I like all of those :-X, but I haven't actually heard of The Train! Must keep an eye out for that.

Where Eagles Dare, Von Ryan's Express and The Guns Of Navarone are great suspense movies, but The Longest Day is the most historically accurate movie from that collection, followed by Midway. I really appreciate adherence to actual events in historical dramas.

In that regard, these ones are hard to beat:

Dambusters

Tora Tora Tora

Battle Of Britain

PZ

Nice  :-X

I didn't know about Dambusters

fragger

Really? Dambusters is a classic! Some of the visuals in it are rather cheesy by today's standards, but that's to be expected from a 1955 film.

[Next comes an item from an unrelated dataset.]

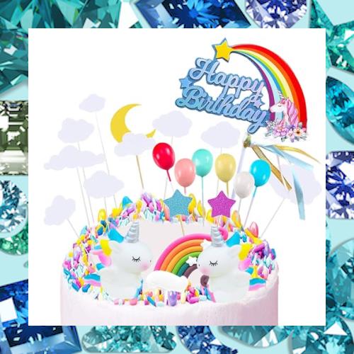Kingsie ケーキトッパー ユニコーン 豪華 ケーキ デコレーション レインボー 虹 風船 可愛い ケーキ挿入カード 誕生日/パーティー ケーキ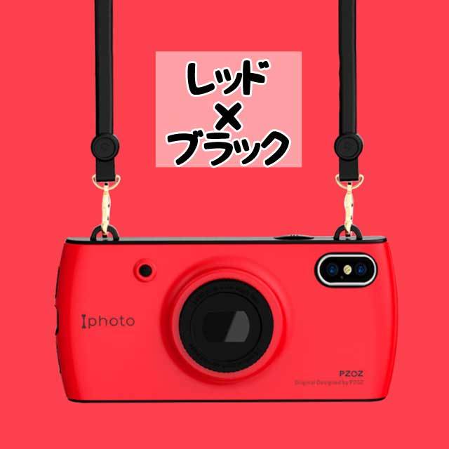 カメラ ストラップ ポップ 可愛い iPhone シェルカバー ケース ブラック ホワイト レッド ピンク ブルー 個性的 お洒落 ユニーク キュート バイカラー ★ iPhone X ★ [MD269]

Totally true story told in painstakingly accurate detail, pretty much exactly as it went down in reality. There was a remake in the works recently with Peter Jackson involved but it doesn't appear to have come to anything. Maybe just as well, they'd probably screw it up nowadays ::)

PZ

Cheesy is alright by me; after all that was produced only 10 years after the war ended!

Jim di Griz

If you've not heard of The Dambusters PZ then there is also 633 Squadron featuring the light and very fast Mosquito fighter bombers on a mission to knock the top of a mountain off onto a heavy water research plant in Norway.

Like all of the other WWII films of the 60/70 same amount of cheez and model usage but not a bad film if you like your planes.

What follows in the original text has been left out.